Each skill has a bounded job. The orchestrator coordinates the sequence, keeps the task plan current, and prevents the work from turning into disconnected advice.

The rule I had to protect

The most important rule came from the site itself:

One story has one short news brief and one expanded longform article.

That sounds obvious, but SEO and LLM optimization can easily push a project in the wrong direction. It is tempting to create extra summaries, FAQ fragments, topic variants, agent pages, Markdown mirrors, and rewritten versions for every surface.

That may look like "more content", but it can also become duplication.

For mlllm.io, the right model is different:

  • the brief stays a real brief;
  • the longform stays a real longform;
  • topic pages explain broader concepts;
  • project pages show the systems behind the work;
  • blog posts carry personal thinking and build notes;
  • llms.txt and schema describe the site, but do not multiply the story itself.

LLM-friendly architecture should strengthen the content model, not create uncontrolled copies of it.

Why the task plan mattered

The other tool that turned out to be essential was task-plan-v2-dashboard.

Long agent work fails when everything lives only in chat. You keep asking "what is done?", "what is next?", "what changed?", and "did it break the site?".

The task plan solved that by turning the work into visible units:

  • tasks with IDs and statuses;
  • implementation gates;
  • validation steps;
  • notes about risks and regressions;
  • commits tied to completed work.

That also changes the human workflow. You do not have to stare at the model constantly and pull status out of it every five minutes. The dashboard gives enough structure to step away, make coffee, and come back to a visible state of the work.

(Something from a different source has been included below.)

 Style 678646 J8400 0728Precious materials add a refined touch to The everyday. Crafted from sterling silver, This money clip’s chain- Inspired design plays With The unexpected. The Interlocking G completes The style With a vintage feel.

That sounds small, but for multi-hour agent work it is a real product feature.

What I published

The repository contains the cluster structure, task plan, validation scripts, example artifacts, and documentation for how the skills should cooperate.

It is not meant to be a magic prompt. It is closer to an operating model:

  • plan the site architecture;
  • make the content machine-readable;
  • validate the live HTML;
  • monitor crawler and LLM visibility;
  • improve UX without breaking SEO;
  • record the work so it can be repeated.

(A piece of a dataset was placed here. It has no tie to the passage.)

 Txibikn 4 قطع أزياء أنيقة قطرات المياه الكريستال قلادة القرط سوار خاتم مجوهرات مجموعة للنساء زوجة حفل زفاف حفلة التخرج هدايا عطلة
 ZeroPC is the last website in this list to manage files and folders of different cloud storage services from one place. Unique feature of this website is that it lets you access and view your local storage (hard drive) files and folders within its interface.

The project grew out of a real use case, not a theoretical checklist. The use case was mlllm.io itself: a multilingual AI news and builder site fed by TG-NEWS, with short briefs, longform explainers, source trails, project pages, and public audit checks.

What comes next

The next layer is practical validation across more sites.

I want the cluster to support not just "make a page better", but the whole loop:

  1. build a semantic core;
  2. design site structure and internal linking;
  3. publish crawlable pages;
  4. add schema, llms.txt, feeds, and metadata;
  5. monitor search and AI crawler access;
  6. check whether LLM systems cite the site;
  7. identify legitimate external placements;
  8. feed the results back into the task plan.

That is the point of making it a skill cluster. A serious site is not optimized by one instruction. It is improved by a coordinated system of decisions, checks, and feedback loops.

The site was the test case. The skill cluster is the attempt to make the method reusable.